◆ **Problem statement**
Only the lines below from the one containing "校友会会長で、実行委員長の金賢太郎さんは、ごきげんだ。 |" to the one containing "Schicke rote Kunstleder-Handschellen" should be repeated, both included and unchanged.

◆ **Data to use**
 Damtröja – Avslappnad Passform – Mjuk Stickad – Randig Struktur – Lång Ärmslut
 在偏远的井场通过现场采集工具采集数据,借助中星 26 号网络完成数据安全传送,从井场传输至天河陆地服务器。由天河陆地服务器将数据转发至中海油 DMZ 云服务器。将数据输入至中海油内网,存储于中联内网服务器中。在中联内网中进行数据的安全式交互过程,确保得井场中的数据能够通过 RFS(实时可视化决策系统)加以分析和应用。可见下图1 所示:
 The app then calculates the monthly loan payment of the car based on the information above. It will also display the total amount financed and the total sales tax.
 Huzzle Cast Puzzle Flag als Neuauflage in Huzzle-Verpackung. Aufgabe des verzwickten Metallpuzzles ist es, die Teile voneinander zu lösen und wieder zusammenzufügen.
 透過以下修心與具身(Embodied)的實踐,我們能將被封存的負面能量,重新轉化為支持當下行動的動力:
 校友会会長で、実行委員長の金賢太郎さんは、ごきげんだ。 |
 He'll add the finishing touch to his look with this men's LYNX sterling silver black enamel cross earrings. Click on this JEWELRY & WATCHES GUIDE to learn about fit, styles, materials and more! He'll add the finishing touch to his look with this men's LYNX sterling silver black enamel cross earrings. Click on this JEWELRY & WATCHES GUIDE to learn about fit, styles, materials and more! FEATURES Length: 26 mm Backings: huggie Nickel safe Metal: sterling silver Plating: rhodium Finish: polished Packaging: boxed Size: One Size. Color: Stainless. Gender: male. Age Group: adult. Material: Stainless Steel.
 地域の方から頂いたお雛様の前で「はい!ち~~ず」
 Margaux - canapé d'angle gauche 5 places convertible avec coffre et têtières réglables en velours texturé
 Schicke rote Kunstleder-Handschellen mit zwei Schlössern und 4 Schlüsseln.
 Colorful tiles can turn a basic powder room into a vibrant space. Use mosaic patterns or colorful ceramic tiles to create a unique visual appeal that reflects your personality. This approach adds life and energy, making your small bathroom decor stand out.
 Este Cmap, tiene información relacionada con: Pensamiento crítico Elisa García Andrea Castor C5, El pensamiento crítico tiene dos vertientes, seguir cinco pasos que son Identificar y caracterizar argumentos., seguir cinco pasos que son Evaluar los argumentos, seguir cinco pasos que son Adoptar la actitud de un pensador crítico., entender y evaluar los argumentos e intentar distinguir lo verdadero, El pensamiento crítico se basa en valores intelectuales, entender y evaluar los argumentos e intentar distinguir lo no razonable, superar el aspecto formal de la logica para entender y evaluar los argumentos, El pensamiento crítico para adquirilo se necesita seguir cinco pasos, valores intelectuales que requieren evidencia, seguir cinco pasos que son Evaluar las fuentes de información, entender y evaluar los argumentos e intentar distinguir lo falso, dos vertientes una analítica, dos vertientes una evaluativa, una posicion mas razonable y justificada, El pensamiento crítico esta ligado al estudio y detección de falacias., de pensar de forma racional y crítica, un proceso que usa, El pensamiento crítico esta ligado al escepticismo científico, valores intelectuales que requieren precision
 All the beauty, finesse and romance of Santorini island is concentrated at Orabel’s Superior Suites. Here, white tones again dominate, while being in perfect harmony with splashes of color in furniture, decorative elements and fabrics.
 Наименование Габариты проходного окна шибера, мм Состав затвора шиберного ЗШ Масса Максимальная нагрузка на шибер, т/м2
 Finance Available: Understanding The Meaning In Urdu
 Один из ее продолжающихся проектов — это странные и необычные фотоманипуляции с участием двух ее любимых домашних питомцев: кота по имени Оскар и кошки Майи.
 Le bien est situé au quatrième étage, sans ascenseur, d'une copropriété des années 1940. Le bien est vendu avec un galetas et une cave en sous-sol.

◆ **Answer space**
 校友会会長で、実行委員長の金賢太郎さんは、ごきげんだ。 |
 He'll add the finishing touch to his look with this men's LYNX sterling silver black enamel cross earrings. Click on this JEWELRY & WATCHES GUIDE to learn about fit, styles, materials and more! He'll add the finishing touch to his look with this men's LYNX sterling silver black enamel cross earrings. Click on this JEWELRY & WATCHES GUIDE to learn about fit, styles, materials and more! FEATURES Length: 26 mm Backings: huggie Nickel safe Metal: sterling silver Plating: rhodium Finish: polished Packaging: boxed Size: One Size. Color: Stainless. Gender: male. Age Group: adult. Material: Stainless Steel.
 地域の方から頂いたお雛様の前で「はい!ち~~ず」
 Margaux - canapé d'angle gauche 5 places convertible avec coffre et têtières réglables en velours texturé
 Schicke rote Kunstleder-Handschellen mit zwei Schlössern und 4 Schlüsseln.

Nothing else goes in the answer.